What is the combined ratio and why is it important?

Combined ratio = (Claims + Expenses) / Premiums. Below 100% = underwriting profit. Above 100% = underwriting loss. Progressive's 89.7% combined ratio means they profit $10.30 per $100 in premiums before investment income. Industry average is 96-98%. Best insurers consistently achieve sub-95% ratios through superior pricing (telematics data), risk selection, and claims management. Look for multi-year trends below 95%. Avoid insurers with sustained ratios above 100%—they're losing money on underwriting and relying entirely on investment income.

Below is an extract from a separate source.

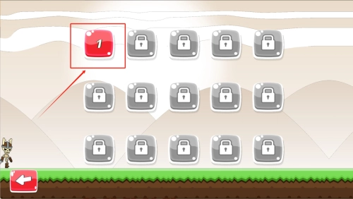 1、在关卡选择界面,点击被红色框标注的“1”号初始关卡即可进入;后续灰色锁定的关卡需要先完成前面的挑战才能解锁,左下角的角色形象会随着游戏进度发生变化。

Should I invest in individual insurance stocks or an insurance ETF?

Individual insurance stocks offer higher dividend growth (PGR at 22.5%, ALL at 11.8%) but require research and monitoring of underwriting cycles. Insurance ETFs like KIE provide diversification across 50+ insurers but dilute the best performers with mediocre ones and charge fees (0.35%). Best approach: own 4-6 top-quality insurers (PGR, TRV, CB, AFL, MET, BRK.B) to capture 80% of sector upside with adequate diversification. Skip ETFs unless you want zero-effort exposure.

How much of my portfolio should be in insurance stocks?

Insurance should be 5-15% of a diversified dividend portfolio. While defensive, insurance stocks face catastrophe risk and underwriting cycles. Combine insurance (5-15%) with other financial stocks like banks (10-15%), plus consumer staples, healthcare, utilities, and industrials for proper sector balance. If you're bullish on the current hard market, you can overweight to 15-20% through 2026, then trim as the cycle peaks. Never exceed 25% in any single sector.